A Liberal Artist Wanders Into The Realm Of Science, With Vexing Results
I took a class on systems theory in college that concentrated on the dynamic, unpredictable, chaotic aspects of systems. The worldviews of the philosophers and novelists whose work we read were endlessly exhilarating, if somewhat terrifying.
Articles I read in grad school last year (by David Cohen and by Stigler and Hiebert) present a very different theory of systems: Far from providing butterflies on power trips with quick and easy ways of causing natural disasters across the globe, huge sprawling systems (ecosystems, languages, education, bureaucracies) exert all their massive might to crush any potential disturbance almost before it appears. Systems are conservative to the extreme. This perspective, too, I find terrifying.
If systems overreact to and amplify change, caution is in order when attempting any kind of reform. Of course that does not seem to be the case, at least in the area I am thinking of, which is school reform. On the contrary, no reform seems big enough, no revolution absolute enough, in the world of progressive education. The education system, at least, appears to be conservative.
But does that assumption argue for more revolutionary reforms or more cautious ones?
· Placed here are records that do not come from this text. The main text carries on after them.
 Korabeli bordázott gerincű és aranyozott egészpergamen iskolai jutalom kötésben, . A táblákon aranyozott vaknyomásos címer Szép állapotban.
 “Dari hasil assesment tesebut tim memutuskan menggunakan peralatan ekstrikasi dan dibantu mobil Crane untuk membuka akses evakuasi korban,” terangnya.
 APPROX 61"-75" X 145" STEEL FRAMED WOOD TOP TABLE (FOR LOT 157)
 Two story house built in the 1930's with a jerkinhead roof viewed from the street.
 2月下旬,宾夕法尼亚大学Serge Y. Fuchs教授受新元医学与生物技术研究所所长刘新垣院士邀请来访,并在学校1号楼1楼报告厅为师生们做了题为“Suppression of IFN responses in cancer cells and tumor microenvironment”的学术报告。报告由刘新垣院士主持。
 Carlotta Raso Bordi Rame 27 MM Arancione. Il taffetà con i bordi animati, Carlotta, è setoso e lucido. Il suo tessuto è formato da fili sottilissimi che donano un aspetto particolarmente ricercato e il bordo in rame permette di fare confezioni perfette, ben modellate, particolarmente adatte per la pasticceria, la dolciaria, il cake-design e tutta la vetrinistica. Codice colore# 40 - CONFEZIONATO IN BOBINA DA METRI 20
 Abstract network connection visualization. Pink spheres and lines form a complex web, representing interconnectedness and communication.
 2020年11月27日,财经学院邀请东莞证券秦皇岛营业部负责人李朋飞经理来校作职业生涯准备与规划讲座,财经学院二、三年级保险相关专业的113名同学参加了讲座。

On one hand, it is going to take a lot to change a system so resistant to change, and we’d might as well start changing as much as we can as quickly as we can. On the other hand, because, as a professor once told me, progressive education is like a pork chop—better nonexistent than half-cooked—even the smallest changes could be very damaging in that they will clash with everything around them and possibly negate or at least fail to help other efforts, progressive or not, at good teaching and administration. By this logic, extreme caution would have to be prescribed.
So I feel paralyzed. We mustn’t be overzealous for fear of being counterproductive, but we must be overzealous if anything at all is to be accomplished. I suppose ideally we would all sit and think for a very long time until we had considered all possible contingencies and felt confident that our proposed reforms would have a radical but not negative effect—and then implement them. But history and society (not to mention human lifespans) do not allow for that. What options are left? Must we either reform the entire system at once or leave it be? Trial and error seems so unacceptable in a system in which (again, as a professor once said) each child is in fourth grade but once.